Total disease used: 3
Total methods used: 4


## Initialize Dictionary

In [4]:
# Dictionary to store, the metric achieved by each method for each disease:
# - disease_method_metric_d = {disease: {method: {metric: value(s)}}}
# COMPARE_METHODS = XAI_METHODS

disease_method_metric_d = {}

# Inizialization
for disease in DISEASE_NAMES:
    disease_method_metric_d[disease] = {}
    for method in COMPARE_METHODS:
        disease_method_metric_d[disease][method] = {}
        for metric in ['P', 'R', 'F1', 'AUC']:
            disease_method_metric_d[disease][method][metric] = 0

## Compute Metrics

In [6]:
auc_scores = {}
for METHOD in COMPARE_METHODS:
		auc_scores[METHOD] = []
		
for DISEASE_NAME in tqdm(DISEASE_NAMES):
		recall_folds = []
		precision_folds = []
		F1_folds = []

		recall_folds_compare_methods = {}
		precision_folds_compare_methods = {}
		F1_folds_compare_methods = {}
		
		for METHOD in COMPARE_METHODS:
				recall_folds_compare_methods[METHOD] = []
				precision_folds_compare_methods[METHOD] = []
				F1_folds_compare_methods[METHOD] = []

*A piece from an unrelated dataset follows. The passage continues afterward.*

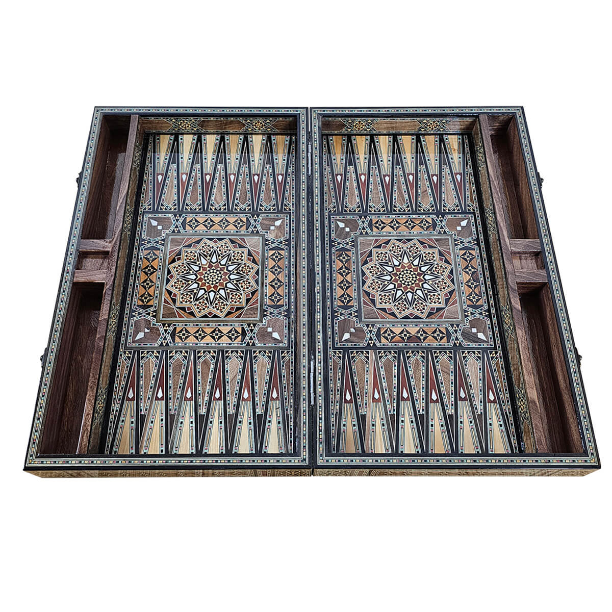 On the outside, intricate geometric oriental shapes and ornaments adorn the chessboard; inside, a hidden backgammon board awaits. The interior showcases a simple yet elegant design, accented by the darker wood tones, creating a sense of harmony.

		for ratio_to_validate in ratios_to_validate:
			GENE_APU_SCORES_PATH = PATH_TO_DATASETS + "/Diamond_dataset/" + DISEASE_CODES[DISEASE_NAME] + "_diamond_ranking"
			TRAIN_SEEDS_PATH = PATH_TO_DATASETS + "/Diamond_dataset/" + DISEASE_CODES[DISEASE_NAME] + "_seed_genes_scores_diamond.txt"

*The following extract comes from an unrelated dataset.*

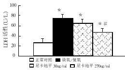尼卡地平对LDH和CK的影响 与对照组比,单纯缺氧/复氧使LDH和CK的释放显著升高(P<0.01),缺氧/复氧前预防性用尼卡地平30ng/ml并不能明显降低LDH和CK的释放,270ng/ml的尼卡地平能显著减轻缺氧/复氧引起的LDH和CK的释放,但仍明显高于正常对照组,见图1和图2。

			APU_scores_df = pd.read_csv(GENE_APU_SCORES_PATH, header = None, sep = " ")
			APU_scores_df.columns = ["name", "score", "label"]
			APU_ranking_df = APU_scores_df.sort_values(by = "score", ascending= False)
			

			# seed genes used for diffusion that we consider as P class in this scenario 
			# (20% or seed genes were removed to check for robustness)
			train_seeds_df = pd.read_csv(TRAIN_SEEDS_PATH, header = None, sep = " ")
			train_seeds_df.columns = ["name", "GDA Score"]
			train_seeds_list = train_seeds_df["name"].values.tolist()

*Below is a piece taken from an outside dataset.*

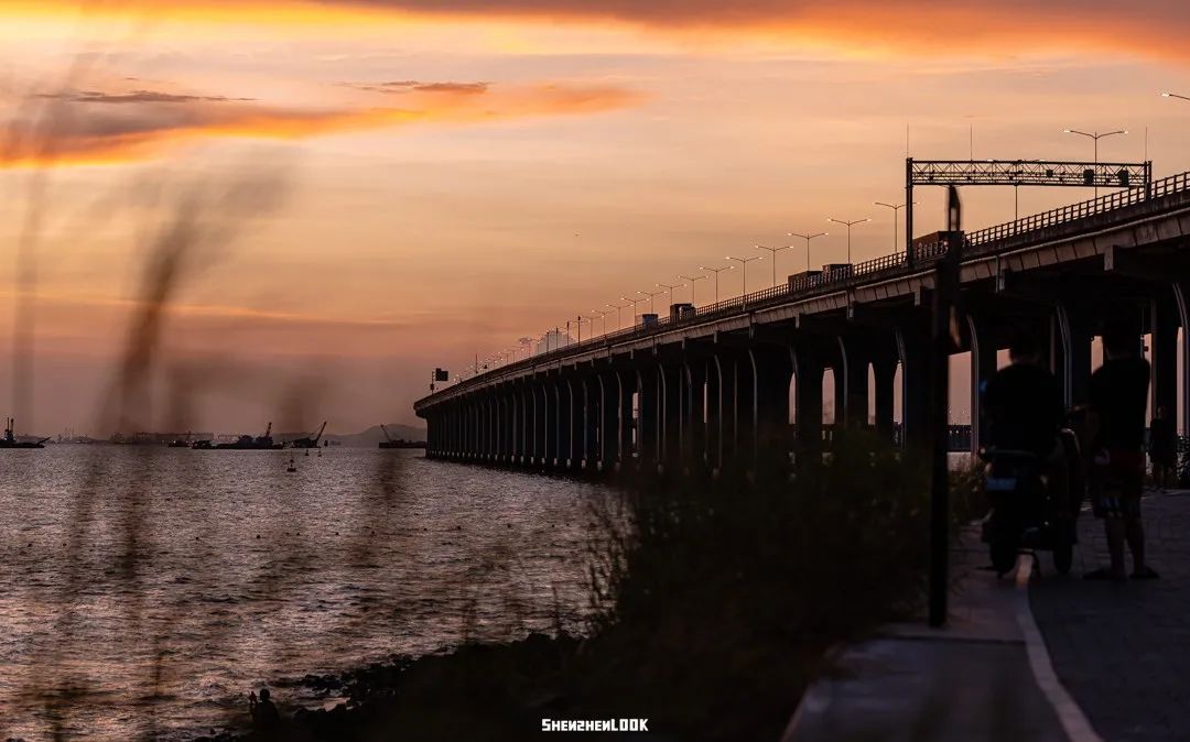 广深沿江高速公路,被誉为“深圳最美公路,其深圳段的大部分都建于海上,将西湾的海阔天空一分为二,往上余霞成绮,往下一色澄碧。

			APU_ranking_df_not_seeds = APU_ranking_df[~APU_ranking_df['name'].isin(train_seeds_list)]

			APU_ranking_candidate_genes = APU_ranking_df_not_seeds["name"].values.tolist()
			
			N = None
			
			FILE_NAME_ALL_SEEDS = PATH_TO_DATASETS + "/all_seed_genes/" + DISEASE_NAME + "_all_seed_genes.txt"
			all_seed_genes_df = pd.read_csv(FILE_NAME_ALL_SEEDS, sep = " ", header = None)
			all_seed_genes = all_seed_genes_df[0].values

			diamond_all_genes_df = pd.read_csv(PATH_TO_DATASETS + '/Diamond_dataset/diamond_all_genes.txt', header=None)
			diamond_all_genes = diamond_all_genes_df[0].values
			all_seed_genes = list(set(all_seed_genes).intersection(set(diamond_all_genes)))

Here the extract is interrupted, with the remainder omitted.